The r-value is: 0.16963125688124525


<IPython.core.display.Javascript object>

<function matplotlib.pyplot.show(*args, **kw)>

**Discussion about the linear relationship:** We can see that there is little correlation between the latitude of a city and the cloudiness of that city. Both the southern and northern hemispheres show very similar patterns for cloudiness with cities in the northern hemisphere having a slightly higher chance of being cloudier.

### Wind Speed vs. Latitude Linear Regression Plot

In [27]:
# Northern Hemisphere
regress_values, line_eq = Lin_reg(northern_hemi_df['Lat'],northern_hemi_df['Wind Speed'])

plt.scatter(northern_hemi_df['Lat'], northern_hemi_df['Wind Speed'], marker="o", facecolors="teal", edgecolors="black", alpha=0.75)

plt.plot(northern_hemi_df['Lat'],regress_values,"r-")
plt.annotate(line_eq,(0,11),fontsize=15,color="red")

# Incorporate the other graph properties
plt.title("City Latitude vs. Wind Speed (2022-10-18)")

plt.xlabel('Latitude')
plt.ylabel('Wind Speed')

plt.show

The r-value is: 0.13830560745169806


<IPython.core.display.Javascript object>

<function matplotlib.pyplot.show(*args, **kw)>

In [28]:
# Southern Hemisphere
regress_values_south, line_eq_south = Lin_reg(southern_hemi_df['Lat'],southern_hemi_df['Wind Speed'])
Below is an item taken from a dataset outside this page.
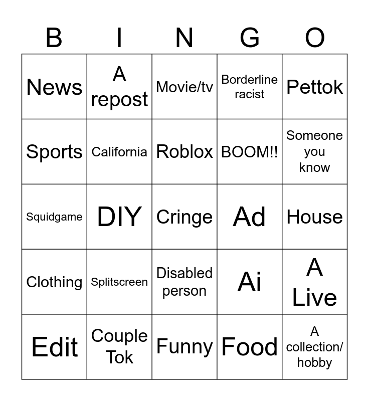 This bingo card has a free space and 24 words: Splitscreen, Couple Tok, Roblox, Edit, Pettok, News, Sports, A repost, Ad, Disabled person, BOOM!!, Squidgame, Ai, A Live, California, Food, House, Movie/tv, Someone you know, DIY, A collection/ hobby, Clothing, Borderline racist and Funny.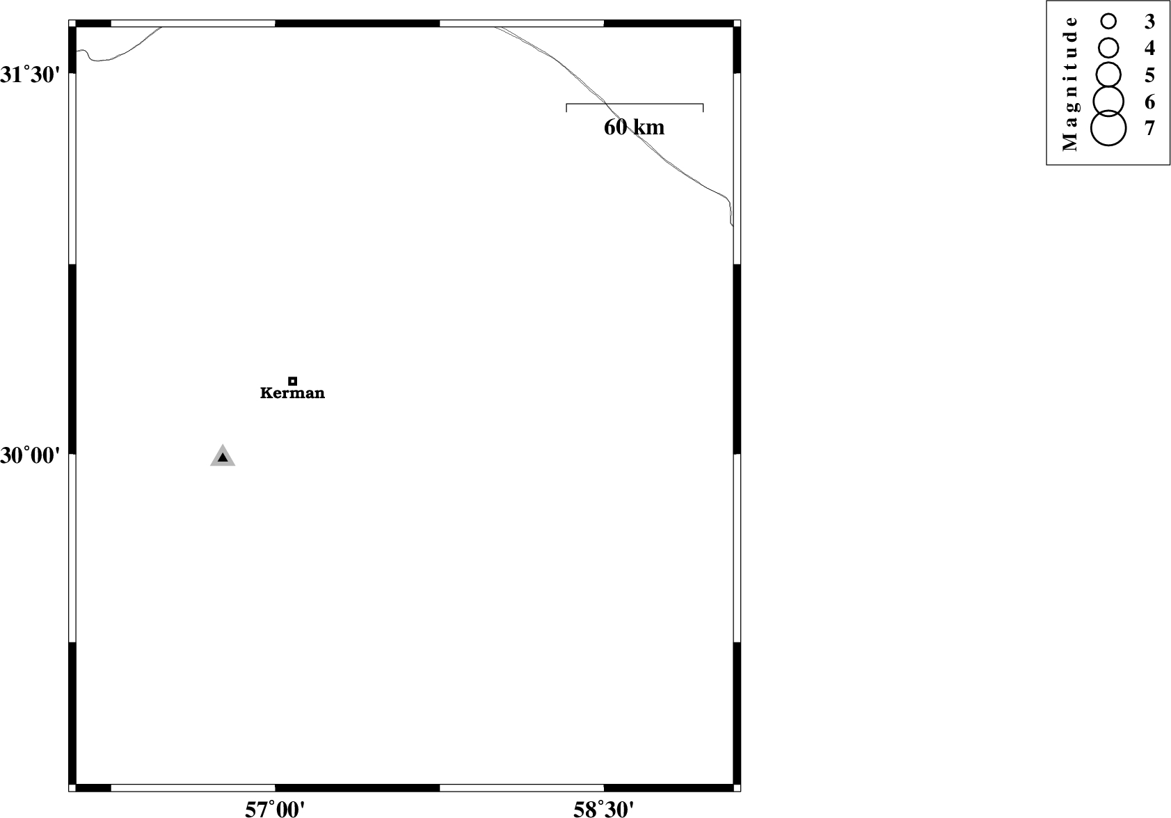 | 2014/04/23 | 11:15:41.9 | 15:45:41.9 | 30.57 | 57.45 | 14 | ML2.8 | Kerman Province, 47 km North-East of Kerman |

plt.scatter(southern_hemi_df['Lat'], southern_hemi_df['Wind Speed'], marker="o", facecolors="teal", edgecolors="black", alpha=0.75)

plt.plot(southern_hemi_df['Lat'],regress_values_south,"r-")
plt.annotate(line_eq_south,(-25,15),fontsize=15,color="red")

# Incorporate the other graph properties
plt.title("City Latitude vs. Wind Speed (2022-10-18)")
plt.xlabel('Latitude')
plt.ylabel('Wind Speed')

plt.show

The r-value is: -0.2058225255162064


<IPython.core.display.Javascript object>

<function matplotlib.pyplot.show(*args, **kw)>

**Discussion about the linear relationship:** By graphing wind speed vs latitude we see that, although the correlation is not that strong for either hemisphere, you are likelier to get lower wind speeds with cities near the equator. Also as we lookat cities further away we see higher wind speeds in both the northern or southern hemisphere.